TASK DIRECTIONS: Where the line with "5 порций (40" appears below, start writing out lines exactly, and finish with the line with "赤のミニーちゃんリボンがスパ", which is included; write out nothing else.

+ + + + + + +

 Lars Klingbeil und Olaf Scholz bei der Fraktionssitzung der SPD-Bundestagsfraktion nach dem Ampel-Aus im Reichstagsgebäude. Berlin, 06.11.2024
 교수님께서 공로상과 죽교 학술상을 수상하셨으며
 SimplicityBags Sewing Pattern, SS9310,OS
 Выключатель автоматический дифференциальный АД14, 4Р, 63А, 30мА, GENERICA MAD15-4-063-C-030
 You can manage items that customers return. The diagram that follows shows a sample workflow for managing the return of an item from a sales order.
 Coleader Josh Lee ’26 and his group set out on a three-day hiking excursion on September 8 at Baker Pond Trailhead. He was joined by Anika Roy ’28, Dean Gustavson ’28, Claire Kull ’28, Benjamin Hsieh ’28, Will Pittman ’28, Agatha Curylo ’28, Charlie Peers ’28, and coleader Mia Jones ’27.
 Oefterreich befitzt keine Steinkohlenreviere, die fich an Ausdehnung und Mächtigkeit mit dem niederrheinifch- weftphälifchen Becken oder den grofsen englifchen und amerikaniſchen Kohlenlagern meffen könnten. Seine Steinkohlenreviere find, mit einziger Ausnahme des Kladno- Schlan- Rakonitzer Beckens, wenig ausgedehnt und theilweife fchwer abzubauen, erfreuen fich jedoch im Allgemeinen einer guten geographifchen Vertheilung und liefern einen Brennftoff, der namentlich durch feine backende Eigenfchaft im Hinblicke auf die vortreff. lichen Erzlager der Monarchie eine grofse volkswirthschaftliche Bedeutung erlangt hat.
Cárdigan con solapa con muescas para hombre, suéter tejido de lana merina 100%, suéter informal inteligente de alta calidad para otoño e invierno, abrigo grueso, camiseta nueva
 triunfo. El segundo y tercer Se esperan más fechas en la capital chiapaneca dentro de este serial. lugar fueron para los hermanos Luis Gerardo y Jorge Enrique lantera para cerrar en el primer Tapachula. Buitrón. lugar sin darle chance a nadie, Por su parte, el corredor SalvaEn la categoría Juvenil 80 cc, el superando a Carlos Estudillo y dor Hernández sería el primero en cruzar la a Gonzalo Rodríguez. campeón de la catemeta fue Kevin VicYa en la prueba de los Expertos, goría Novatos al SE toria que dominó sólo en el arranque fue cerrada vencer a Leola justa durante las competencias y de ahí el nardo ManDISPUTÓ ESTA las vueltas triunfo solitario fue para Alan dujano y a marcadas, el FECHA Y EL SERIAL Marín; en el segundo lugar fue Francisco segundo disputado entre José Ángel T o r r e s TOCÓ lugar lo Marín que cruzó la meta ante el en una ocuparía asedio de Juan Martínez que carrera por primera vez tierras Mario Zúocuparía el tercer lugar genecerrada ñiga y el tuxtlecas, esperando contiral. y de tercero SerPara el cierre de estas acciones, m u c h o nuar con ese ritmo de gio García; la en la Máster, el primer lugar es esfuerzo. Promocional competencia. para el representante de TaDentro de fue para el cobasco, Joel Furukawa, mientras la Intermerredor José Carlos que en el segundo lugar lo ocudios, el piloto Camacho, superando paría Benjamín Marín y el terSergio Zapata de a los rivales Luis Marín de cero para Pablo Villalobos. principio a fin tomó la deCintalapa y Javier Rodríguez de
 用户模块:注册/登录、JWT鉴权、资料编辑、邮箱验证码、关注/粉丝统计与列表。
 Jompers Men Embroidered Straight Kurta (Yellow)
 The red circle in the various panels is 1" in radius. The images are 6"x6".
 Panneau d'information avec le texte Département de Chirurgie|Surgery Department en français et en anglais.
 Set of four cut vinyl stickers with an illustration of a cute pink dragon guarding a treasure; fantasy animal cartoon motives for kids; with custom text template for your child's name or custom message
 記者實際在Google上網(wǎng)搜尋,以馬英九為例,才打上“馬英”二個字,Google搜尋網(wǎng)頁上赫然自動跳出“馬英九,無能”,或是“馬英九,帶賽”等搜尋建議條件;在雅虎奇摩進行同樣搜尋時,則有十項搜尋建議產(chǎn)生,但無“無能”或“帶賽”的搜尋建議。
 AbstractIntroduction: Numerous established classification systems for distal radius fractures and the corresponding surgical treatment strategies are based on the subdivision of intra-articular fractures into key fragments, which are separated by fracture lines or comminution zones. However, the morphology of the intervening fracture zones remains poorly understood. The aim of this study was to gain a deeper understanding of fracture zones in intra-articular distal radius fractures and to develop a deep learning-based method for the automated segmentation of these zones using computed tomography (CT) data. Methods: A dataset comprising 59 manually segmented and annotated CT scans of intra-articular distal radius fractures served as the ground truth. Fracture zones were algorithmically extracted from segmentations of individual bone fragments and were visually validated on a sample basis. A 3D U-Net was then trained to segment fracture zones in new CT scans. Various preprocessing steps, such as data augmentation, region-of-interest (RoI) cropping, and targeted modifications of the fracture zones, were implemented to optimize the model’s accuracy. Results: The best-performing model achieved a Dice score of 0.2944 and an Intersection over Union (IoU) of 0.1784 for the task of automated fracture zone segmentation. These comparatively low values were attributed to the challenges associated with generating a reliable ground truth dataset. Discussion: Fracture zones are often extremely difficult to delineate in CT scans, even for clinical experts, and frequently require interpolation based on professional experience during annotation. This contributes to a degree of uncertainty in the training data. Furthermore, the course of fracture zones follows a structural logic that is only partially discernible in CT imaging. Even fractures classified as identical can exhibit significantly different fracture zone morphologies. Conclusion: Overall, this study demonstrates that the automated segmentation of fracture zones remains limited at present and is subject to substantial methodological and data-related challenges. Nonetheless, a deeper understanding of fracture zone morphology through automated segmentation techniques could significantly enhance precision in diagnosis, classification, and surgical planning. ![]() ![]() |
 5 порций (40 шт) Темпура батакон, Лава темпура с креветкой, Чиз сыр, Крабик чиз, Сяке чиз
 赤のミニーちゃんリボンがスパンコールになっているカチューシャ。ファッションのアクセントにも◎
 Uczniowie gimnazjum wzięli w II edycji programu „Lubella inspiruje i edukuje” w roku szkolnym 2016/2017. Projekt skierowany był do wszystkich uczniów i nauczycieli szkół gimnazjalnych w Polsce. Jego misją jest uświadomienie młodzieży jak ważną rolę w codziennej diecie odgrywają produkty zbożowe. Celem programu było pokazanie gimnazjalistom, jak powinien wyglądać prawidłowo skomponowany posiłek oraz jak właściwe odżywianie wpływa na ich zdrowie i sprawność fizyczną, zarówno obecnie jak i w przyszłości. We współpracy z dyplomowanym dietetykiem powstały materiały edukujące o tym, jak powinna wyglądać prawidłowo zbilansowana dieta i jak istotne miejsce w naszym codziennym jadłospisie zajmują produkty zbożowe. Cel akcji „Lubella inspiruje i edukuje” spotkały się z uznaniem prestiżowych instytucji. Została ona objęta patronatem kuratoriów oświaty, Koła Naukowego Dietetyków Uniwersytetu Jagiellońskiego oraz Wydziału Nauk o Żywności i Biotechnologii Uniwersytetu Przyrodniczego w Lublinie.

+ + + + + + +

EXPECTED ANSWER:
 5 порций (40 шт) Темпура батакон, Лава темпура с креветкой, Чиз сыр, Крабик чиз, Сяке чиз
 赤のミニーちゃんリボンがスパンコールになっているカチューシャ。ファッションのアクセントにも◎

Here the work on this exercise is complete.